Amritesh Kumar

Posted on Apr 10 • Edited on Apr 11

From Flat Files to a Living Memory: Building Graph-Based Semantic Memory for PocketPaw

#pocketpaw #rag #networkx #vectordatabase

TL;DR — I upgraded PocketPaw’s memory from a line-based file store to a hybrid semantic memory: (1) vector-backed retrieval for relevance-aware recall, and (2) a small knowledge graph for entity/relationship tracking. The result: the agent remembers semantically, connects concepts across sessions, and surfaces context proactively.

Link: https://github.com/pocketpaw/pocketpaw/issues/455

Why change the memory system?

PocketPaw's original memory (memory/file_store.py) stores facts as plain text lines. That model is simple and reliable, but it fails at several important agent behaviors:

Lexical-only recall: users must repeat keywords to be found.
No relationships: facts stay isolated (e.g., "Project X uses React" doesn't connect to "React 19 has breaking changes").
Poor cross-session continuity: facts are hard to prioritize/retrieve semantically across long histories.
No decay, timestamps, or metadata to shape relevance over time.

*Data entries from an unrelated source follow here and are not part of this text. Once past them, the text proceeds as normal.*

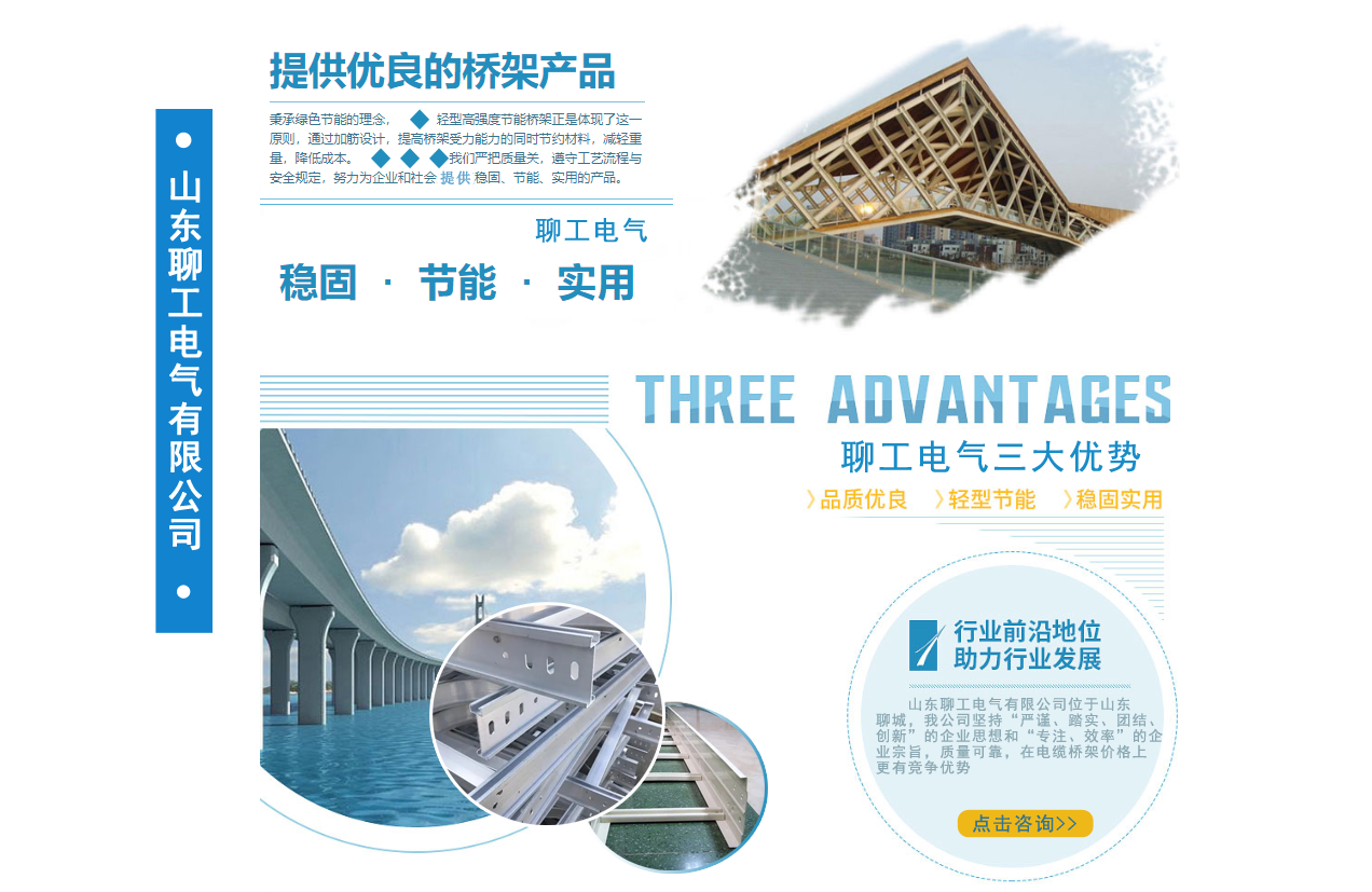 山東聊工電氣有限公司位于山東聊城,是一家銷售各類橋架的公司,公司主營鍍鋅防火噴塑橋架,鍍鋅防火電纜橋架 ,不銹鋼電纜橋架,熱浸鋅電纜橋架,鋁合金電纜橋架,熱鍍鋅電纜橋架,梯式電纜橋架等我公司堅持“嚴謹、踏實、團結、創(chuàng)新”的企業思想和“專注、效率”的企業宗旨,質量可靠,在電纜橋架價格上更有競爭優(yōu)勢。公司追求品質,配有研發(fā)人員,進行產品的改革和創(chuàng)新,服務先進走出了一條富有企業特色的可持續(xù)化發(fā)展之路! 我公司鄭重向你承諾:保證最好的質量,以低的價格,完善的售后服務,來答謝新老客戶。可提前電話聯系。...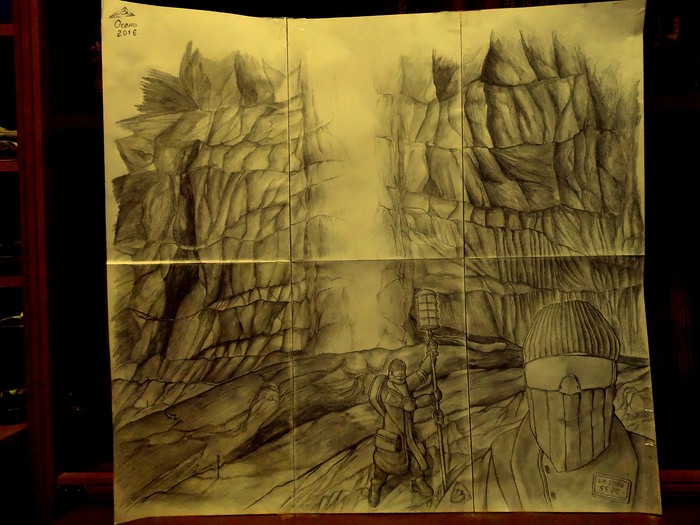 Вот работа на которую у меня в своё время ушло куча времени. Предполагалось сделать нечто эпичное, создающее чувство простора и мощи. Когда всё только начиналось, я ещё не представлял, что это чудовище разрастётся до монструозного А4х6.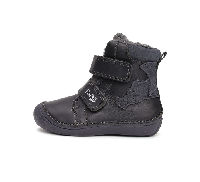 Celokožené zimní boty, barva černá, aplikace draka, zapínání na dva suché zipy, všitý jazyk, ohebná podrážka, pevná pata, uvnitř hustý kožíšek.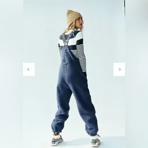 Free People Hit the Slopes Salopette Fleece Sherpa Overalls Blue Large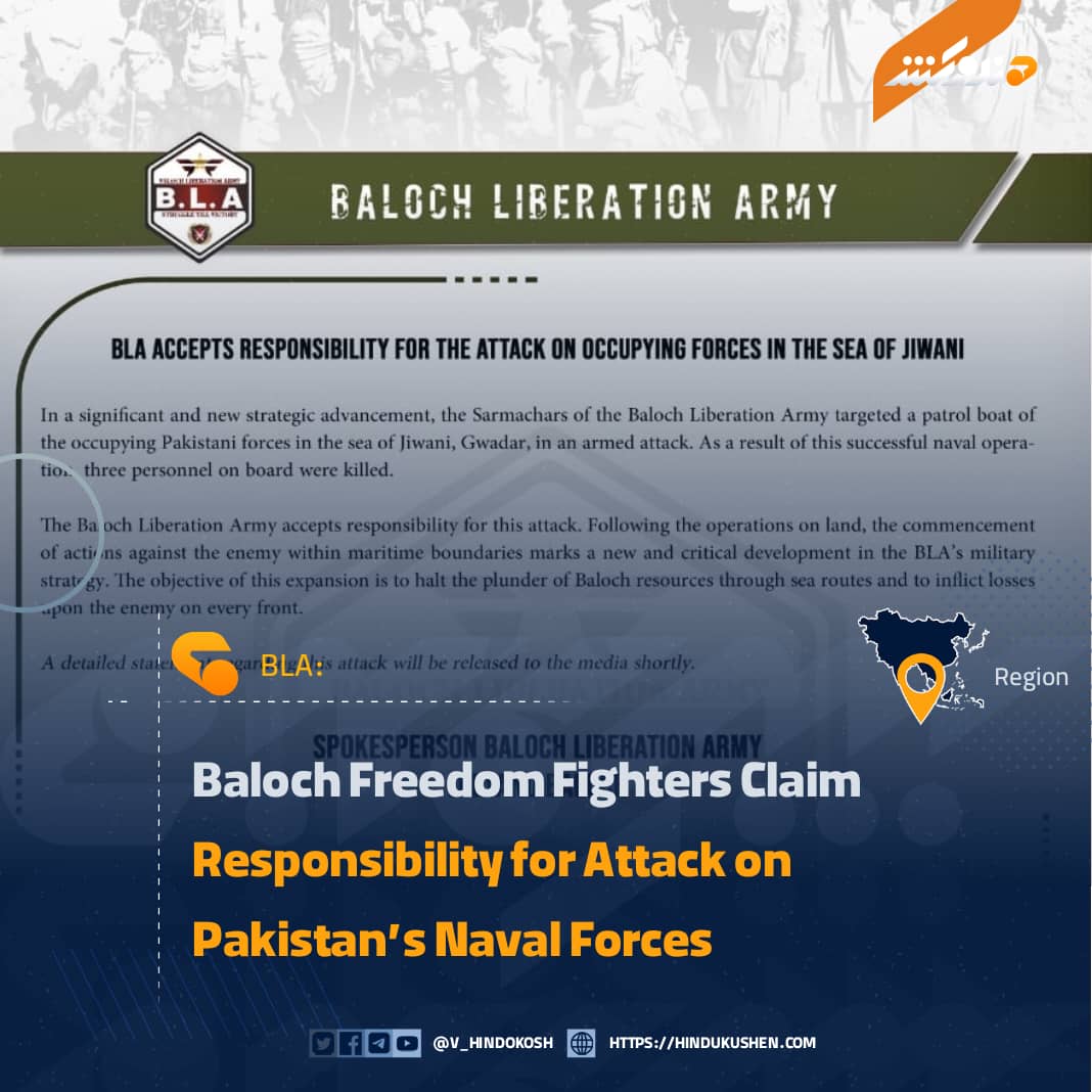 The spokesperson of the Balochistan Liberation Army, Jeeyand Baloch, stated that the aim of extending attacks to the sea is to prevent the exploitation of Balochistan’s natural resources and to inflict damage on the Pakistani regime on multiple fronts.

These limitations make the agent brittle for longer-term, proactive assistance. To fix that, we implemented two complementary features: vector-backed retrieval and a lightweight knowledge graph.

Design goals

Semantically meaningful retrieval (no more exact keyword matching).
Cross-session continuity and contextual prioritization.
Local-first: keep data on-device unless the user opts in.
Modular/backfill-friendly: fall back to file store and allow gradual migration.
Low operational overhead: support ChromaDB, Qdrant, or SQLite-vec as vector backends.

High-level architecture

Ingest pipeline (on writes)
- Normalize fact text, add metadata (timestamp, source, session_id).
- Produce an embedding using a configured embedding model.
- Store vector + metadata in a vector store (Chroma, Qdrant, or SQLite-vec).
- Run an entity/relationship extractor LLM to identify entities and relations; upsert into a lightweight graph (NetworkX or SQLite adjacency tables).
Retrieval pipeline (on agent turn)
- Query vector store for top-K relevant documents to the current prompt (RAG).
- Use graph queries to expand context (e.g., related entities, recent facts).
- Compose memory context to include top results + related graph edges; feed to the LLM.
Management
- Memory pruning, TTL/decay heuristics, and manual UI for inspection & edits.

Diagram (simplified):
User ↔ Agent → Writes → [Embeddings → Vector Store] + [LLM extraction → Graph DB]
Agent ← Retrieval ← Vector Store + Graph DB ← Context

Phase 1 — Vector-backed memory (what I implemented first)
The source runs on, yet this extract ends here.